Explain what is going to happen and why to your child. Use simple language that your child can understand. Answer your child’s questions honestly and openly, but avoid giving too much information that could be overwhelming.
Talk about the transition in a positive way and focus on the exciting aspects of the change. Answer your child’s questions honestly and openly, but avoid giving too much information that could be overwhelming.
4. Name things that will be the same
While talking about upcoming changes and transitions, don’t forget to name things that will stay the same. Yes, your child may be going to a new daycare—but mommy will still be doing drop off. Yes, your child may be moving from a crib to a bed—but daddy will still read bedtime stories.
“You’re naming that the family rituals and routines which kids get so attached to and that help them feel safe are still going to be the same in a lot of ways,” Dr. Hershberger told Vivvi. “It’s not suddenly their whole world is going to be turned upside down.”
Tip: create a story book about your transition! Write the story out and make it your bedtime story for the next week until the transition happens. Children find a lot of comfort in stories and in books so creating it together that they can return to is a powerful thing. This can be used whether you’re getting ready for a new daycare, going from crib to bed. Add things that are different, but also things that will be the same. You can go total Pinterest on your book, or use a stack of post-it notes with chicken scratch—your child will love it just the same.
5. Transitions take time
Transitions can take time for young children to adjust to. Be patient and understanding with your child as they go through this process. Parents can expect most big transitions taking between two and three weeks before your child (and everyone else in the family) finds a rhythm.
“This is not a one-week situation,” Dr. Hershberger said. ”Have patience with yourself and patience with yourself.”
Allow your child to express their emotions about the transition, and reassure them that you’ll be there with them. Celebrate your child’s successes and milestones during the transition.
6. Brace for regression
During a transition, parents of little ones often see regression in their child. Regressions look like the loss of a recently acquired skill, often sleeping through the night or potty training or maybe suddenly becoming a picky eater.
When experiencing transition, Dr. Hershberger says your child is using all of their resources to regulate—and something has to give.
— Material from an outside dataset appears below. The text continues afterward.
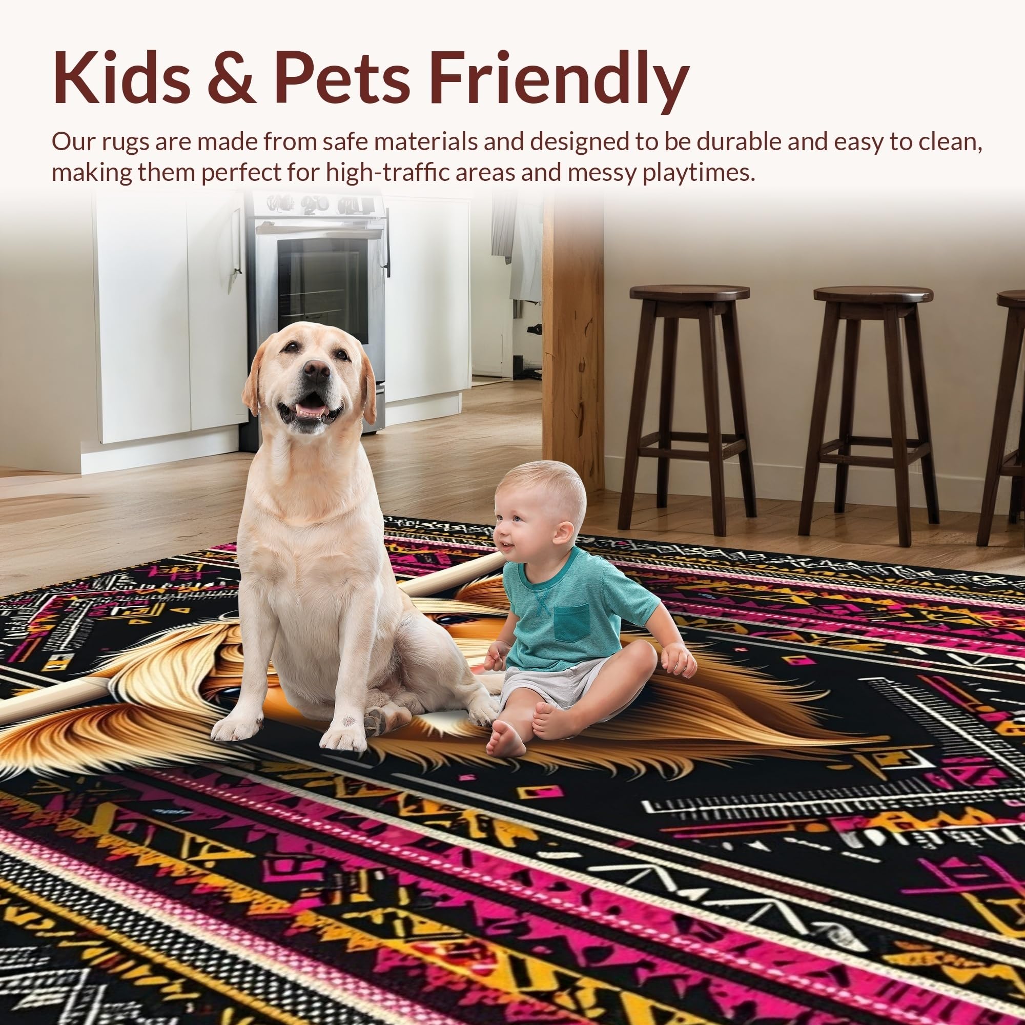 Ultra Soft Area Rug, Non Slip, Stain Resistant, Washable Area Rugs for Living Room, Bedroom, Modern Eclectic Animal Decor(Black) Overview:

“That’s why regressions are so common during transitions. There’s a new baby and your older one starts peeing in their pants again, or they switch to a new classroom and they have a harder time falling asleep at night,” she explains. “That’s because they are taking their efforts and their energy and their literal brain power to navigate this and it has to come from somewhere.”
6. When to ask for help
There’s no litmus test for when to ask for help with something as nebulous as feelings around a transition, but Dr. Hershberger says there is a window of time where getting help becomes necessary.
If you’ve reached the two-month mark and your child is still struggling with a change or transition, it may be time to call for support.
“If it’s getting in the way in a real way, really interfering with their ability to do whatever it is they need to do—then you seek some support from a therapist, coach, or teacher,” Dr. Hershberger said. “It just means you need a little extra support, not that you’re doomed.”